Data block ▸
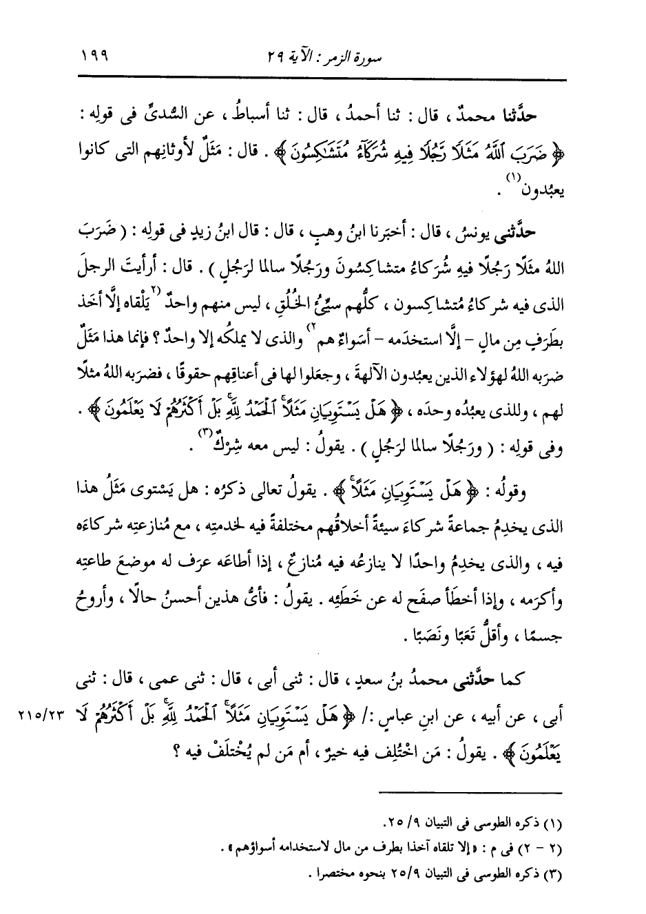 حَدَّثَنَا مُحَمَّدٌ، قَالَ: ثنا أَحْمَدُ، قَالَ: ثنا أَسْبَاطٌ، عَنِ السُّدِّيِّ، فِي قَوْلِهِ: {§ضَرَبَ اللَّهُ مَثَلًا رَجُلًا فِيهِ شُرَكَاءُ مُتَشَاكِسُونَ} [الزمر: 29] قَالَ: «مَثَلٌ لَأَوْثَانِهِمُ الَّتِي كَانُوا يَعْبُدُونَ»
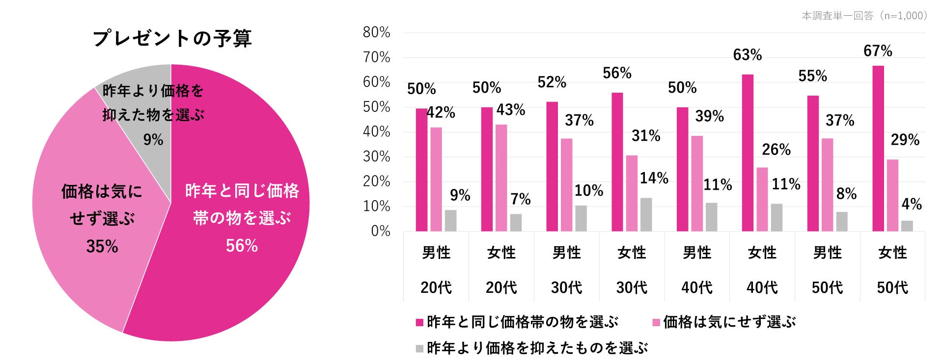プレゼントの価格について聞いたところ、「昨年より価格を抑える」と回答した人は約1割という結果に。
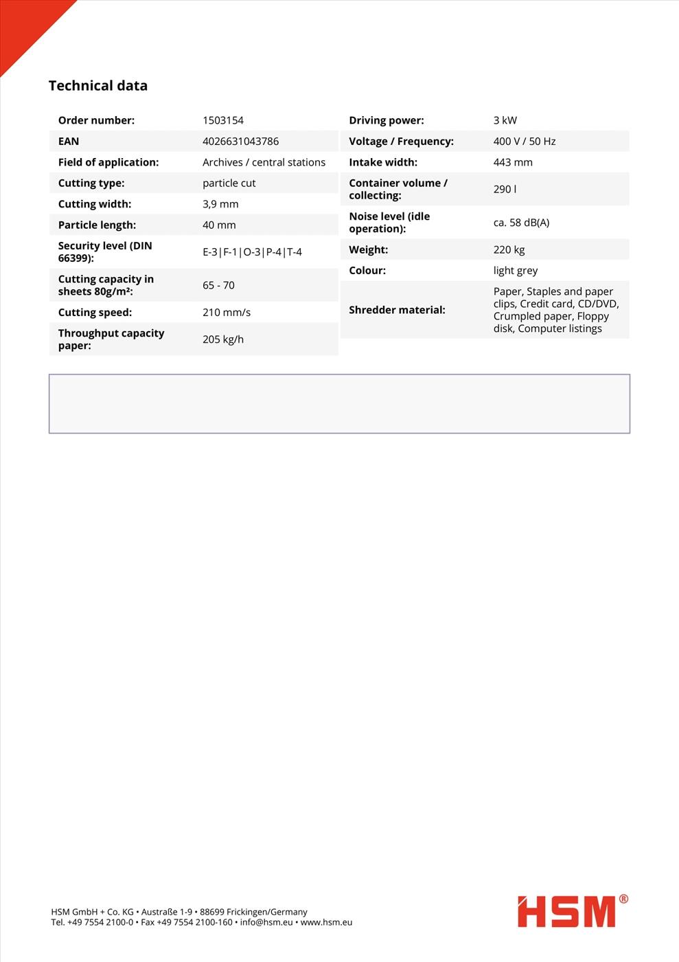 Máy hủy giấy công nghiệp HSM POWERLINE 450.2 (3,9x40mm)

Work item ▸ Transcribe the listing in full. Omit the pictures and keep every line exact.

Response ▸
 حَدَّثَنَا مُحَمَّدٌ، قَالَ: ثنا أَحْمَدُ، قَالَ: ثنا أَسْبَاطٌ، عَنِ السُّدِّيِّ، فِي قَوْلِهِ: {§ضَرَبَ اللَّهُ مَثَلًا رَجُلًا فِيهِ شُرَكَاءُ مُتَشَاكِسُونَ} [الزمر: 29] قَالَ: «مَثَلٌ لَأَوْثَانِهِمُ الَّتِي كَانُوا يَعْبُدُونَ»
プレゼントの価格について聞いたところ、「昨年より価格を抑える」と回答した人は約1割という結果に。
 Máy hủy giấy công nghiệp HSM POWERLINE 450.2 (3,9x40mm)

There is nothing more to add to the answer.